= Task details =
Print each record below exactly as it appears.
Start of Information provided
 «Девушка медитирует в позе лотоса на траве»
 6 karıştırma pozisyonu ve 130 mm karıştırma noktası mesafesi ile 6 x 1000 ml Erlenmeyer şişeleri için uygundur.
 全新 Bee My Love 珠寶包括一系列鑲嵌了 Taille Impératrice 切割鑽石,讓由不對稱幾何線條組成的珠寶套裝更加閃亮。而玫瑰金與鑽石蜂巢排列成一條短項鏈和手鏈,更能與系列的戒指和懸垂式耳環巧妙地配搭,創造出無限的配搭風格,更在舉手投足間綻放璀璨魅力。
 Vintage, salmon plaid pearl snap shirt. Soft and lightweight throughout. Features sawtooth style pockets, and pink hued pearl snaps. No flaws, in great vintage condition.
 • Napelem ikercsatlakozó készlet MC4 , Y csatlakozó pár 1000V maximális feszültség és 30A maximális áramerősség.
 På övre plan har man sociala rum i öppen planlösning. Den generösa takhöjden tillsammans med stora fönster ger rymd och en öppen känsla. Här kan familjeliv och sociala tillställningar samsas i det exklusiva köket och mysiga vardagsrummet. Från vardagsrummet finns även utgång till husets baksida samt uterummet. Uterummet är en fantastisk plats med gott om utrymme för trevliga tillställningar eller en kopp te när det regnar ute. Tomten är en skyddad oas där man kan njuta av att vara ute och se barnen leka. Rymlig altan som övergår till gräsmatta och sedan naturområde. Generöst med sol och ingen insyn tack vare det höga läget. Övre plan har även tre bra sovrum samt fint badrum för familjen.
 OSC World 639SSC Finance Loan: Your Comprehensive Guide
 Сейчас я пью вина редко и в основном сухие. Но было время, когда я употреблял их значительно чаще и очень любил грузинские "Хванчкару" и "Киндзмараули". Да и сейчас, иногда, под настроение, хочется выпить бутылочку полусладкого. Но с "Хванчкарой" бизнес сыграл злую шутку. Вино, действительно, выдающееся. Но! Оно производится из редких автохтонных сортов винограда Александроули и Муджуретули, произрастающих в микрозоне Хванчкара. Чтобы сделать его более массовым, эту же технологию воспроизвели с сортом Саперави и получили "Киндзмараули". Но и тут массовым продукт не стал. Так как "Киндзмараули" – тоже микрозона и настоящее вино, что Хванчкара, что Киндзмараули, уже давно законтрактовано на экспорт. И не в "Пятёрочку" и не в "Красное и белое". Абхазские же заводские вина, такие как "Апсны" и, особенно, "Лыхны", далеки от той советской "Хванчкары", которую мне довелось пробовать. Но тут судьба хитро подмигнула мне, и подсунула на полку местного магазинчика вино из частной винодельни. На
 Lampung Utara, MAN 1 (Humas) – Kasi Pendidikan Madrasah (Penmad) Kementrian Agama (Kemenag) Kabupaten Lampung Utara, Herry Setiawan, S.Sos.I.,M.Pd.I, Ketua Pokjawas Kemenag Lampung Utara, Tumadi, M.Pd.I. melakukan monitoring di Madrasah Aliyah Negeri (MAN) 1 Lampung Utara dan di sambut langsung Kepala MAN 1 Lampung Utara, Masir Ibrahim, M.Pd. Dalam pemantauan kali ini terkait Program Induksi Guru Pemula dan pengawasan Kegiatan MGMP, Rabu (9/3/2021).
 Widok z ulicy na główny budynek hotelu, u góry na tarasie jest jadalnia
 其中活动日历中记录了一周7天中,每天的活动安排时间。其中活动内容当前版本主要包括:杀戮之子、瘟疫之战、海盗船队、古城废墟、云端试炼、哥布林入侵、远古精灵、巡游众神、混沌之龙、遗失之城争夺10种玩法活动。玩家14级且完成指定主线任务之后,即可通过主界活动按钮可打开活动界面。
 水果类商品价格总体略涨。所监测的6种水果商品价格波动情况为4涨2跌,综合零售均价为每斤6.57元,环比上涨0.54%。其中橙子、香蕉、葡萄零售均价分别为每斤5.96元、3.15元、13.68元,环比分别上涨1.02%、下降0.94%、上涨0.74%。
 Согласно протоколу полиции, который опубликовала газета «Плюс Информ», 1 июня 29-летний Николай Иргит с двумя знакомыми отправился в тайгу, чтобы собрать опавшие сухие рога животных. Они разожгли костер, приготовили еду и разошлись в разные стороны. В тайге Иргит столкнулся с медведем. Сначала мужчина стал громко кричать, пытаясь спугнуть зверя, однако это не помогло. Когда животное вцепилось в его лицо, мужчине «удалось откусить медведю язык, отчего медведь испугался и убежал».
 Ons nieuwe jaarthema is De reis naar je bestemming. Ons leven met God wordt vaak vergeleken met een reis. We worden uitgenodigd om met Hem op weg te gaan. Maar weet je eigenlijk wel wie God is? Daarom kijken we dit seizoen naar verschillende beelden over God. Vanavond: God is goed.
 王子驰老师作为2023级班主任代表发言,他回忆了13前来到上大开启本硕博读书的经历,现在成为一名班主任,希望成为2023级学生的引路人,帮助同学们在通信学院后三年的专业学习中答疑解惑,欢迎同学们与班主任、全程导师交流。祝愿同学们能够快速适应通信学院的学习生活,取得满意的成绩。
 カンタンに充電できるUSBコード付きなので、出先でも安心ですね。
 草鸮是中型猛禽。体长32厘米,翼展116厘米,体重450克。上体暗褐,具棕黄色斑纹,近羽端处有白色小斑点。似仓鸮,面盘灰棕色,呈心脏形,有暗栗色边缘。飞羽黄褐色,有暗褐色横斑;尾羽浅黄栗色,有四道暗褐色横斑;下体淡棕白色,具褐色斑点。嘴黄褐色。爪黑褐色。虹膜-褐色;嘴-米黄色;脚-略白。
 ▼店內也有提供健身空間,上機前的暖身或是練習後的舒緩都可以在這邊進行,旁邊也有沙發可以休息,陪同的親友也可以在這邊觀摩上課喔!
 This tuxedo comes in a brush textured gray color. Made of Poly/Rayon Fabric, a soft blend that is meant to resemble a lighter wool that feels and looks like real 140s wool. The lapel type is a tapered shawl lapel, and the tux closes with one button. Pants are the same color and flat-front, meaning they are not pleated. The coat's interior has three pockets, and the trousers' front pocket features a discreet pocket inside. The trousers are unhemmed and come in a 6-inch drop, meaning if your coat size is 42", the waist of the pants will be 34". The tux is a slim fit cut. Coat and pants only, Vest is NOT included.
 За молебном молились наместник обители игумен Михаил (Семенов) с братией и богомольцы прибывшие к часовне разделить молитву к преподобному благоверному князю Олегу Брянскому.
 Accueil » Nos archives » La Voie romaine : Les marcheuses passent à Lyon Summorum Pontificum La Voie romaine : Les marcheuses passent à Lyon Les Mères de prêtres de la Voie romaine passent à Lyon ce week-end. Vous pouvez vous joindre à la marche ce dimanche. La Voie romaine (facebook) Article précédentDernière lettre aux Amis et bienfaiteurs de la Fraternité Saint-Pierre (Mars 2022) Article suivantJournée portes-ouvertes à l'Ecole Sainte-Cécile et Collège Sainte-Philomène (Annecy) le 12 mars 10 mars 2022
End of Information provided
= Output for this task =
 «Девушка медитирует в позе лотоса на траве»
 6 karıştırma pozisyonu ve 130 mm karıştırma noktası mesafesi ile 6 x 1000 ml Erlenmeyer şişeleri için uygundur.
 全新 Bee My Love 珠寶包括一系列鑲嵌了 Taille Impératrice 切割鑽石,讓由不對稱幾何線條組成的珠寶套裝更加閃亮。而玫瑰金與鑽石蜂巢排列成一條短項鏈和手鏈,更能與系列的戒指和懸垂式耳環巧妙地配搭,創造出無限的配搭風格,更在舉手投足間綻放璀璨魅力。
 Vintage, salmon plaid pearl snap shirt. Soft and lightweight throughout. Features sawtooth style pockets, and pink hued pearl snaps. No flaws, in great vintage condition.
 • Napelem ikercsatlakozó készlet MC4 , Y csatlakozó pár 1000V maximális feszültség és 30A maximális áramerősség.
 På övre plan har man sociala rum i öppen planlösning. Den generösa takhöjden tillsammans med stora fönster ger rymd och en öppen känsla. Här kan familjeliv och sociala tillställningar samsas i det exklusiva köket och mysiga vardagsrummet. Från vardagsrummet finns även utgång till husets baksida samt uterummet. Uterummet är en fantastisk plats med gott om utrymme för trevliga tillställningar eller en kopp te när det regnar ute. Tomten är en skyddad oas där man kan njuta av att vara ute och se barnen leka. Rymlig altan som övergår till gräsmatta och sedan naturområde. Generöst med sol och ingen insyn tack vare det höga läget. Övre plan har även tre bra sovrum samt fint badrum för familjen.
 OSC World 639SSC Finance Loan: Your Comprehensive Guide
 Сейчас я пью вина редко и в основном сухие. Но было время, когда я употреблял их значительно чаще и очень любил грузинские "Хванчкару" и "Киндзмараули". Да и сейчас, иногда, под настроение, хочется выпить бутылочку полусладкого. Но с "Хванчкарой" бизнес сыграл злую шутку. Вино, действительно, выдающееся. Но! Оно производится из редких автохтонных сортов винограда Александроули и Муджуретули, произрастающих в микрозоне Хванчкара. Чтобы сделать его более массовым, эту же технологию воспроизвели с сортом Саперави и получили "Киндзмараули". Но и тут массовым продукт не стал. Так как "Киндзмараули" – тоже микрозона и настоящее вино, что Хванчкара, что Киндзмараули, уже давно законтрактовано на экспорт. И не в "Пятёрочку" и не в "Красное и белое". Абхазские же заводские вина, такие как "Апсны" и, особенно, "Лыхны", далеки от той советской "Хванчкары", которую мне довелось пробовать. Но тут судьба хитро подмигнула мне, и подсунула на полку местного магазинчика вино из частной винодельни. На
 Lampung Utara, MAN 1 (Humas) – Kasi Pendidikan Madrasah (Penmad) Kementrian Agama (Kemenag) Kabupaten Lampung Utara, Herry Setiawan, S.Sos.I.,M.Pd.I, Ketua Pokjawas Kemenag Lampung Utara, Tumadi, M.Pd.I. melakukan monitoring di Madrasah Aliyah Negeri (MAN) 1 Lampung Utara dan di sambut langsung Kepala MAN 1 Lampung Utara, Masir Ibrahim, M.Pd. Dalam pemantauan kali ini terkait Program Induksi Guru Pemula dan pengawasan Kegiatan MGMP, Rabu (9/3/2021).
 Widok z ulicy na główny budynek hotelu, u góry na tarasie jest jadalnia
 其中活动日历中记录了一周7天中,每天的活动安排时间。其中活动内容当前版本主要包括:杀戮之子、瘟疫之战、海盗船队、古城废墟、云端试炼、哥布林入侵、远古精灵、巡游众神、混沌之龙、遗失之城争夺10种玩法活动。玩家14级且完成指定主线任务之后,即可通过主界活动按钮可打开活动界面。
 水果类商品价格总体略涨。所监测的6种水果商品价格波动情况为4涨2跌,综合零售均价为每斤6.57元,环比上涨0.54%。其中橙子、香蕉、葡萄零售均价分别为每斤5.96元、3.15元、13.68元,环比分别上涨1.02%、下降0.94%、上涨0.74%。
 Согласно протоколу полиции, который опубликовала газета «Плюс Информ», 1 июня 29-летний Николай Иргит с двумя знакомыми отправился в тайгу, чтобы собрать опавшие сухие рога животных. Они разожгли костер, приготовили еду и разошлись в разные стороны. В тайге Иргит столкнулся с медведем. Сначала мужчина стал громко кричать, пытаясь спугнуть зверя, однако это не помогло. Когда животное вцепилось в его лицо, мужчине «удалось откусить медведю язык, отчего медведь испугался и убежал».
 Ons nieuwe jaarthema is De reis naar je bestemming. Ons leven met God wordt vaak vergeleken met een reis. We worden uitgenodigd om met Hem op weg te gaan. Maar weet je eigenlijk wel wie God is? Daarom kijken we dit seizoen naar verschillende beelden over God. Vanavond: God is goed.
 王子驰老师作为2023级班主任代表发言,他回忆了13前来到上大开启本硕博读书的经历,现在成为一名班主任,希望成为2023级学生的引路人,帮助同学们在通信学院后三年的专业学习中答疑解惑,欢迎同学们与班主任、全程导师交流。祝愿同学们能够快速适应通信学院的学习生活,取得满意的成绩。
 カンタンに充電できるUSBコード付きなので、出先でも安心ですね。
 草鸮是中型猛禽。体长32厘米,翼展116厘米,体重450克。上体暗褐,具棕黄色斑纹,近羽端处有白色小斑点。似仓鸮,面盘灰棕色,呈心脏形,有暗栗色边缘。飞羽黄褐色,有暗褐色横斑;尾羽浅黄栗色,有四道暗褐色横斑;下体淡棕白色,具褐色斑点。嘴黄褐色。爪黑褐色。虹膜-褐色;嘴-米黄色;脚-略白。
 ▼店內也有提供健身空間,上機前的暖身或是練習後的舒緩都可以在這邊進行,旁邊也有沙發可以休息,陪同的親友也可以在這邊觀摩上課喔!
 This tuxedo comes in a brush textured gray color. Made of Poly/Rayon Fabric, a soft blend that is meant to resemble a lighter wool that feels and looks like real 140s wool. The lapel type is a tapered shawl lapel, and the tux closes with one button. Pants are the same color and flat-front, meaning they are not pleated. The coat's interior has three pockets, and the trousers' front pocket features a discreet pocket inside. The trousers are unhemmed and come in a 6-inch drop, meaning if your coat size is 42", the waist of the pants will be 34". The tux is a slim fit cut. Coat and pants only, Vest is NOT included.
 За молебном молились наместник обители игумен Михаил (Семенов) с братией и богомольцы прибывшие к часовне разделить молитву к преподобному благоверному князю Олегу Брянскому.
 Accueil » Nos archives » La Voie romaine : Les marcheuses passent à Lyon Summorum Pontificum La Voie romaine : Les marcheuses passent à Lyon Les Mères de prêtres de la Voie romaine passent à Lyon ce week-end. Vous pouvez vous joindre à la marche ce dimanche. La Voie romaine (facebook) Article précédentDernière lettre aux Amis et bienfaiteurs de la Fraternité Saint-Pierre (Mars 2022) Article suivantJournée portes-ouvertes à l'Ecole Sainte-Cécile et Collège Sainte-Philomène (Annecy) le 12 mars 10 mars 2022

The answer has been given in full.